ON FRIDAY, 18 FEBRUARY 2022, AT 2.27 PM

Copyright in the High Court of Australia

KIEFEL CJ:   I will announce the appearances of the parties.

MR P.D. LANGE appears for the applicant.  (instructed by Hanna Legal)

MR D.T. KELL, SC appears with MS E.S. JONES for the respondent.  (instructed by Office of the Director of Public Prosecutions (NSW))

KIEFEL CJ:   Yes, Mr Lange.

MR LANGE:   Your Honours, the applicant requires an extension of time.  I do not know whether that is opposed.

KIEFEL CJ:   Is that opposed, Mr Kell?

MR KELL:   It is not opposed, your Honour.

MR LANGE:   I am grateful, thank you.  Your Honours, before I turn to the directions which have been impugned, or sought to be impugned, before the Court of Criminal Appeal, might I briefly remind the Court about some of the background to the case to then…..into, as it were, where we submit the error was occasioned in the Court of Criminal Appeal.  The Court will recall that the applicant was charged – along with his brother, GX – with having committed offences against the complainants but it was not suggested that the applicant was part of a joint enterprise to commit those offences with his brother.  The offences really stood by themselves.  Nonetheless, there was, as the Court will have seen, no objection to a joint trial and a joint trial, in fact, took place.

In the Court of Criminal Appeal it was submitted, however, that the directions given by the learned trial judge were erroneous because those directions failed to appreciate the distinction between the evidence given against this applicant as against his brother GX.  Could I take your Honours, firstly, to the application book at page 29 where those directions appear?  At about point 2 on the page, the first full paragraph, her Honour led into this topic by stating:

Not all of the evidence in this trial is admissible against both accused.

In the next sentences, in that paragraph, as well as in the following two paragraphs, her Honour then outlines discrete areas of evidence which were not admissible against one accused or the other.  Then, relevantly, for the arguments before the Court of Criminal Appeal, the learned trial judge on page 20 of the summing‑up, page 30 of the application book, in the first four paragraphs, stated:

The other evidence though goes in jointly against both accused.

Her Honour extended that direction to the evidence given by each accused in the witness box without any limitation upon that evidence.  In particular, one might take as an example of that evidence which would have been included in that latter direction, namely, the cross‑admissibility, was the so‑called iPad conversation, which involved both the applicant and his brother GX, but, of course, admissions made by one would otherwise be inadmissible against the other, and I do not understand that evidence to have been in dispute.  So much was accepted by the Court of Criminal Appeal at page 211 of the book at paragraph 300 in the second sentence and third sentence:

It was clear that admissions made by one Applicant related to him alone.

And that is just one discrete example which I focus on for today’s purposes to illustrate the difficulty that presented itself at trial.  The cross‑admissibility, apparently on the directions given by the learned trial judge, enabled the Crown to make submissions which had the capacity to, as it were, confuse the cases of one applicant against the other, and those submissions by the Crown can be seen at page 200 of the application book, extracted in – I am sorry, page 199 of the application book, extracted in the Court of Criminal Appeal’s judgments.

KIEFEL CJ:   Importantly, though, no point was taken at trial and no further directions were sought.

MR LANGE:   Indeed, that is quite right.

KIEFEL CJ:   That is fundamental here, is it not?

MR LANGE: That is the nub of the issue before the Court, yes.

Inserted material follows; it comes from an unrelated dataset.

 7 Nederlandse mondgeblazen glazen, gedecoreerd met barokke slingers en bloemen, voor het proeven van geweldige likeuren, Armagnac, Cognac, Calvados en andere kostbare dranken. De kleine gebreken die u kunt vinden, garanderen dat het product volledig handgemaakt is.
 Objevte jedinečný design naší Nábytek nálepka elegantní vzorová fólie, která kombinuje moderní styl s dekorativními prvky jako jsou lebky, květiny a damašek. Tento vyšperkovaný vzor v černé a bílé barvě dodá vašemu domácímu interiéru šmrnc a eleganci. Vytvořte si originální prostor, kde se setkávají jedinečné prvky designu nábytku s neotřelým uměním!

And in that regard, could I then take your Honours, before coming to address rule 4 and what we contend is the overly restrictive interpretation given to it, to page 190 of the application book, that is also in the judgment of the Court of Criminal Appeal at paragraph 215. And there, the Court recorded:

It was submitted that the trial Judge had stated that, apart from the nominated areas, the other evidence in the trial was admitted jointly against both Applicants.  The Applicants submitted that this statement to the jury was erroneous.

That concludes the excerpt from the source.